Celinda Gonzalez was 59 years old.

In 2020, CalMatters wrote about his I work in Humboldt County where approximately 2 and a half times More residents die by suicide per capita than the rest of the state.

This was announced by the Humboldt County Sheriff’s Office They found two bodies at a house in the village of Weitchpec, on the Yurok reservation, on February 3.

“Based on the preliminary investigation, the incident appears to be consistent with a murder-suicide,” the sheriff’s office said in a statement.

The Sheriff’s Office declined to release details about the nature of the crime scene or the identities of the people found.

The Yurok tribe confirmed Gonzalez’s identity on a monument.

“She was a dear friend to many Tribal Council members, staff and community members,” the tribe states in the memorial. “This is a huge tragedy for the tribe.”

Gonzalez once had a grant-funded role as a suicide intervention specialist, working with local police and fire departments to identify potential signs of intent to self-harm.

In 2019, federal funds supporting his position ran out, so he struck out on his own.

Gonzalez lost his son Paul to suicide when he was 19 years old.

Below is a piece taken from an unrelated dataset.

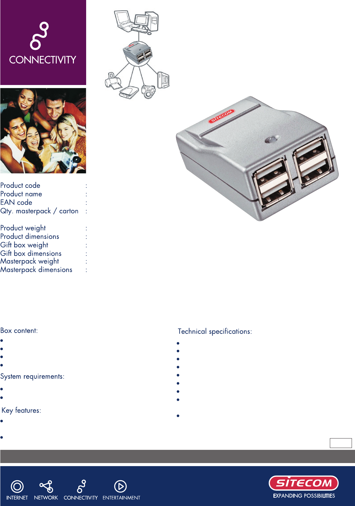 Przeglądaj online lub pobierz Arkusz Danych dla Koncentratory interfejsów Sitecom CN-034. Sitecom USB 2.0 Hub 4-port w/pa Instrukcja obsługi

His 43-year-old brother, Gaylord Lewis Jr., killed himself five years later in 2014.

As the pandemic swept across California and levels of anxiety and suicidal ideation spiked, Gonzalez was motivated by her own losses to help in Humboldt County, where access to mental health services is already difficult, compounded by a shortage of psychiatrists willing to relocate to rural California.

A grand jury investigation of Humboldt County in 2016 found that the county’s behavioral health board was not adequately serving county residents.

Gonzalez believed that despite the challenges of the pandemic, his community was resilient.

“They’ve been through wars, floods, fires and landslides,” he told a CalMatters reporter in 2020.

The Yurok Tribe offers grief and bereavement support at the village clinic.